======== Supplied material ========

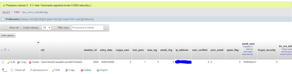 2. Zauważyłem chyba błąd, nie rozumiem tego. Jeżeli jest już wpis, email_sent jest aktualizowany na aktualną datę i token jest ten sam. Natomiast entry_date się nie aktualizuje i wchodząc w ten link mam błąd bo entry_date się nie zmieniło. Natomiast widzę że to zacytowane zapytanie nie ma sprawdzania ani email_sent ani entry_date tylko info czy jest taki vid. I tu nie rozumiem bo: Link: https://mojadomena.com/lostpassword/?do=validate&vid=7eb41e6e28c3aaafb2ccbc6b61649ab5&mid=3966 A błąd ten sam: Gdy wpisu nie ma i jest insert, wszystko wygląda dobrze.
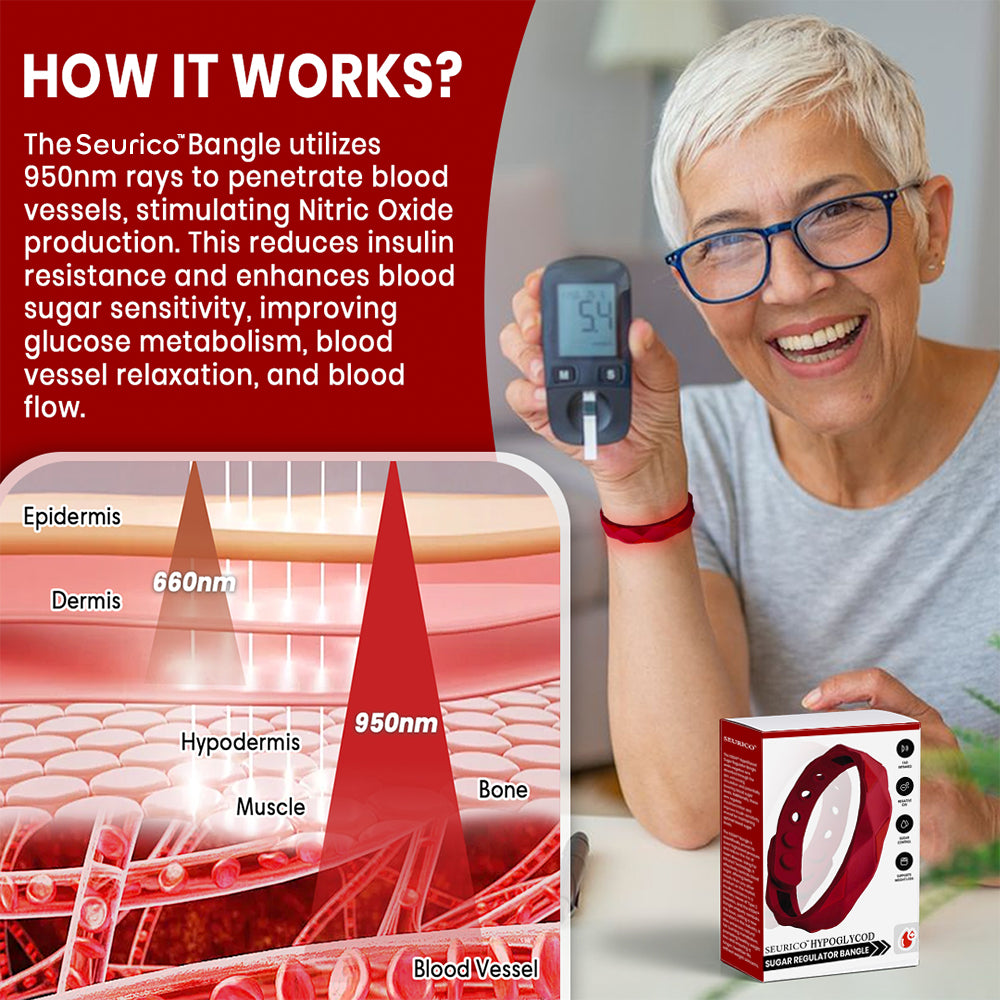 Unlike other far infrared products that operate at 600nm and mainly impact the skin surface, the Seurico™ HypoGlycod Bracelet uses rays at 850nm that penetrate deep into blood vessels. This stimulates the production of Nitric Oxide, which helps reduce insulin resistance and enhance blood sugar sensitivity. As a result, users benefit from improved glucose metabolism, relaxed blood vessels, and better blood circulation. Simply wearing the bracelet can help lower blood sugar levels with ease.
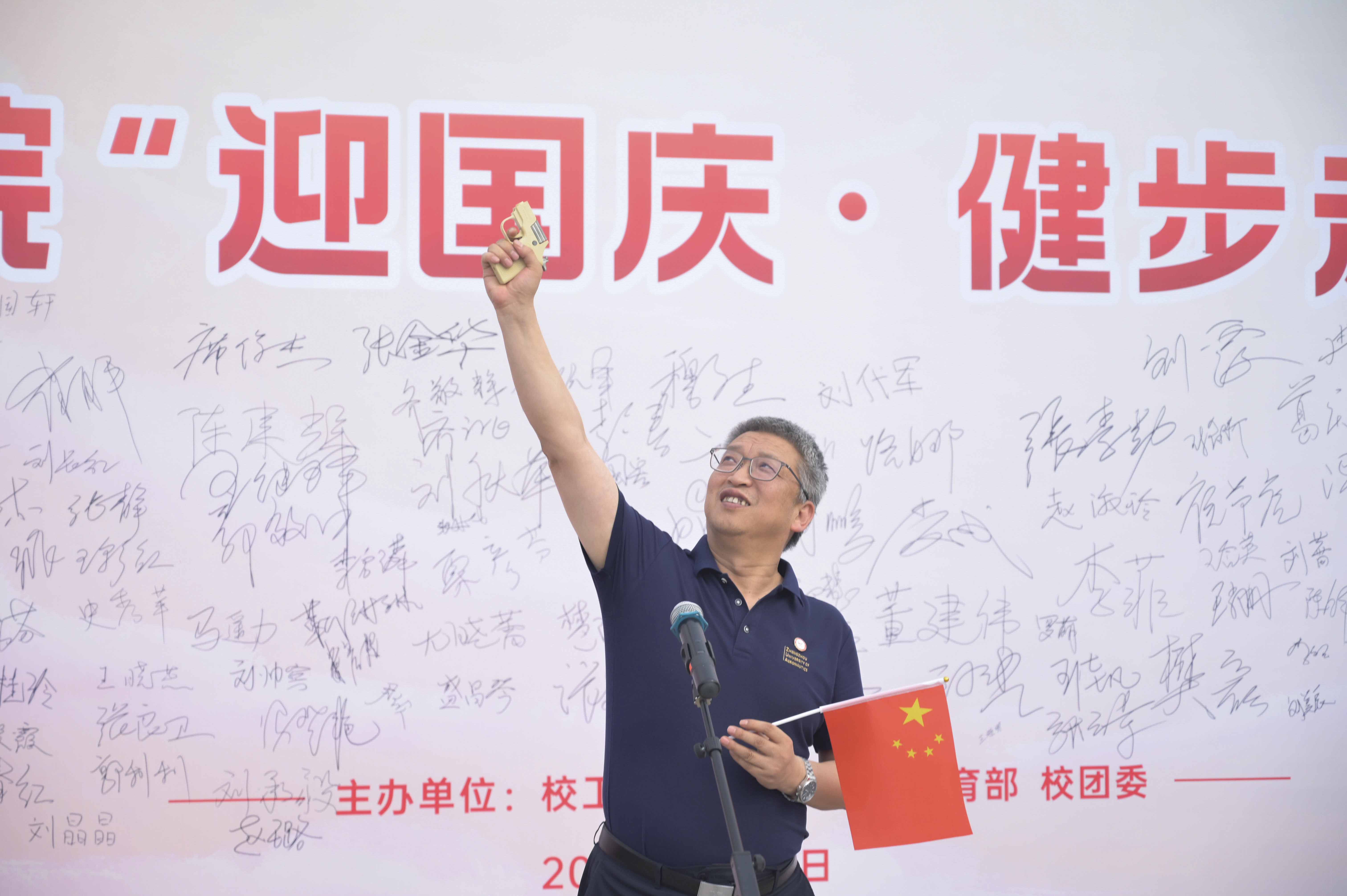 为庆祝中华人民共和国成立75周年,弘扬爱国主义精神,丰富教职工业余生活,9月26日,我校举办“迎国庆 健步走”活动。全体在校校领导出席活动启动仪式,与全校教职工一同参加活动。党委书记、校长刘代军为活动发令。启动仪式由副校长李广锋主持。
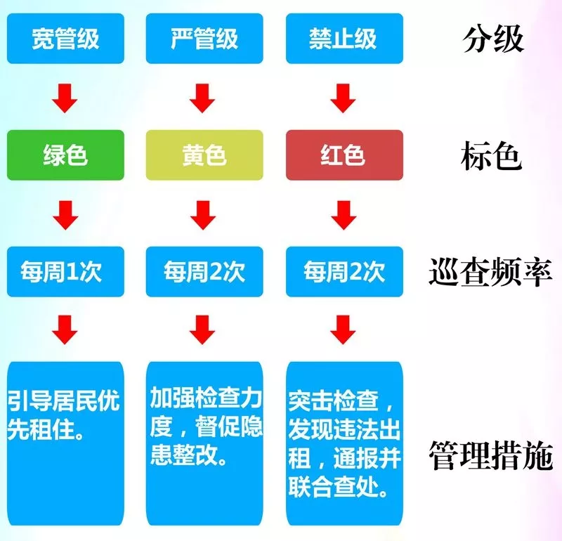 出租屋將分為寬管級(jí)(綠標(biāo))、關(guān)注級(jí)(黃標(biāo))、嚴(yán)管級(jí)(橙標(biāo))、禁止級(jí)(紅標(biāo))四個(gè)級(jí)別。結(jié)合房屋二維碼對(duì)四個(gè)級(jí)別實(shí)行動(dòng)態(tài)標(biāo)色管理,以房屋二維碼的底色來(lái)標(biāo)注。
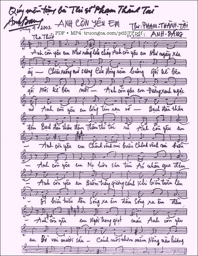 Anh Bằng Anh còn yêu em như rừng lửa cháy Anh còn yêu em như ngày xưa ấy [PDF] [Sheet] [Lời H.A] [Mp4/Midi]

========

Activity: Please return exactly the lines above, from where the listing starts to the line holding "出租屋將分為寬管級(jí)(綠標(biā", inclusive, with the pictures omitted.

Solved problem:
 2. Zauważyłem chyba błąd, nie rozumiem tego. Jeżeli jest już wpis, email_sent jest aktualizowany na aktualną datę i token jest ten sam. Natomiast entry_date się nie aktualizuje i wchodząc w ten link mam błąd bo entry_date się nie zmieniło. Natomiast widzę że to zacytowane zapytanie nie ma sprawdzania ani email_sent ani entry_date tylko info czy jest taki vid. I tu nie rozumiem bo: Link: https://mojadomena.com/lostpassword/?do=validate&vid=7eb41e6e28c3aaafb2ccbc6b61649ab5&mid=3966 A błąd ten sam: Gdy wpisu nie ma i jest insert, wszystko wygląda dobrze.
 Unlike other far infrared products that operate at 600nm and mainly impact the skin surface, the Seurico™ HypoGlycod Bracelet uses rays at 850nm that penetrate deep into blood vessels. This stimulates the production of Nitric Oxide, which helps reduce insulin resistance and enhance blood sugar sensitivity. As a result, users benefit from improved glucose metabolism, relaxed blood vessels, and better blood circulation. Simply wearing the bracelet can help lower blood sugar levels with ease.
 为庆祝中华人民共和国成立75周年,弘扬爱国主义精神,丰富教职工业余生活,9月26日,我校举办“迎国庆 健步走”活动。全体在校校领导出席活动启动仪式,与全校教职工一同参加活动。党委书记、校长刘代军为活动发令。启动仪式由副校长李广锋主持。
 出租屋將分為寬管級(jí)(綠標(biāo))、關(guān)注級(jí)(黃標(biāo))、嚴(yán)管級(jí)(橙標(biāo))、禁止級(jí)(紅標(biāo))四個(gè)級(jí)別。結(jié)合房屋二維碼對(duì)四個(gè)級(jí)別實(shí)行動(dòng)態(tài)標(biāo)色管理,以房屋二維碼的底色來(lái)標(biāo)注。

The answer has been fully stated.